Sustainability, 2023, vol. 15, issue 15, 1-13

Abstract: Plastic waste is the most challenging type of waste because its generation rate (consumption rate) is high, and the current recycling rate is low. The increase in the production and disposal of plastics has led to significant environmental problems including greenhouse gas (GHG) emissions, microplastic pollution, and resource depletion. The study aimed at quantifying the potential environmental effects reduction achieved by recycling the most widely consumed polymers. One approach to establishing a circular economy for plastics is recycling.
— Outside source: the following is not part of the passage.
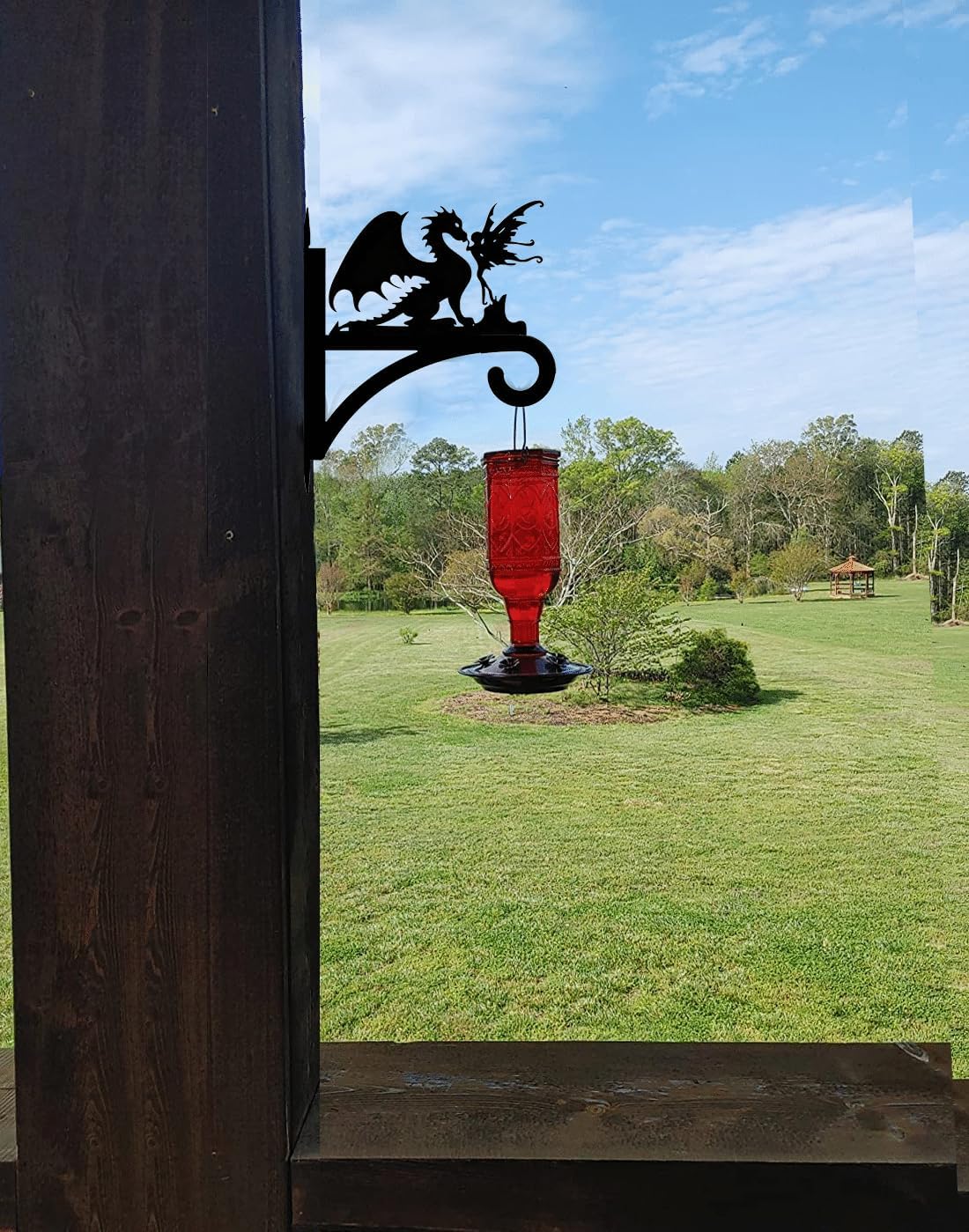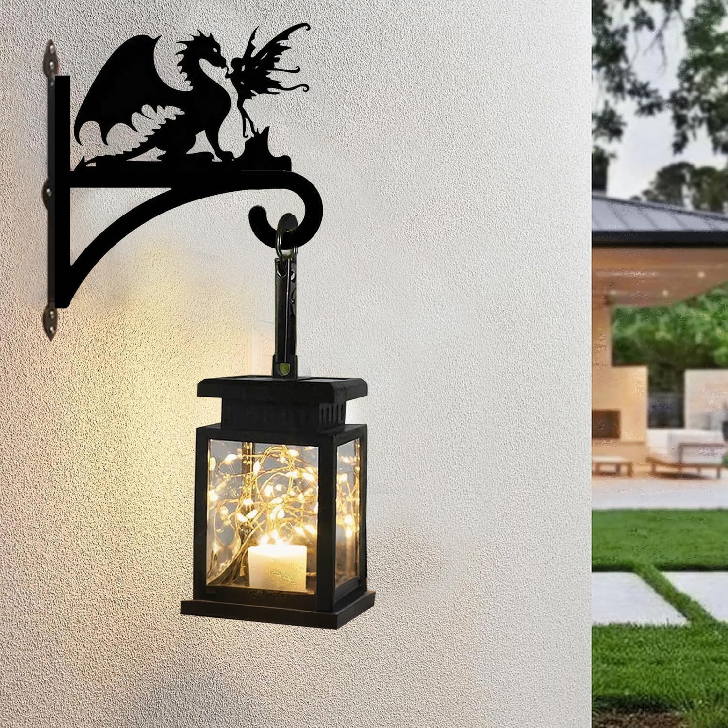 CatchDragon Hanging Basket Hangers Outdoor, Decorative Black Plant Hanger Hook with Dragon and Fairy Pattern for Hanging Planters, Lanterns, Wind Chimes, or Bird Feeders Specifications: material: metal plant hanger dimension: 11.24"Lx14.27"H(28.8*36.5cm), thickness 1.7inch. package: it includes 2pcs plant hanger wall mount and screw hardwares. Features: Unique Dragon&Fairy Design Our plant hanging brackets features intricate silhouette of a winged fairy with a dragon. The bracket for hanging plant adds a whimsical, magical accent that stands out in any garden, patio, or entryway. Durable&Sturdy: Crafted from durable steel, each hanging planter bracket is built to hold a variety of hanging items such as flower baskets, bird feeders, lanterns, or wind chimes. Easy To Install: Easy to install with included mounting hardware, these decorative plant hanger hooks outdoor combine practicality with enchanting style, making them an ideal addition to any home décor.

Plastic recycling as a strategy to reduce life cycle GHG emissions, microplastic emissions, and resource depletion was investigated. Life cycle assessment methodology was employed, considering cradle-to-gate as a system boundary. The results showed that recycling can significantly reduce life cycle GHG emissions and resource depletion. Replacing the virgin material with recycled material reduces the emission to −67 MtCO 2 e. Recycling could have saved 56.8 million microplastic emissions per year. However, mechanical recycling, which is commercialised nowadays, contributed to an increase in microplastics as much as 2.4 × 10 9 million particles per year. Recycling will also save about 50 million tonnes of resources from depletion worldwide by recycling around 20 Mt plastics. However, microplastic emissions reduction in the present scenario of mechanical recycling is not possible unless other mechanisms to capture the emitted microplastics are introduced or other recycling methods, such as chemical recycling, are employed.

Keywords: recycling; GHG emissions; microplastics; resource depletion; strategy (search for similar items in EconPapers)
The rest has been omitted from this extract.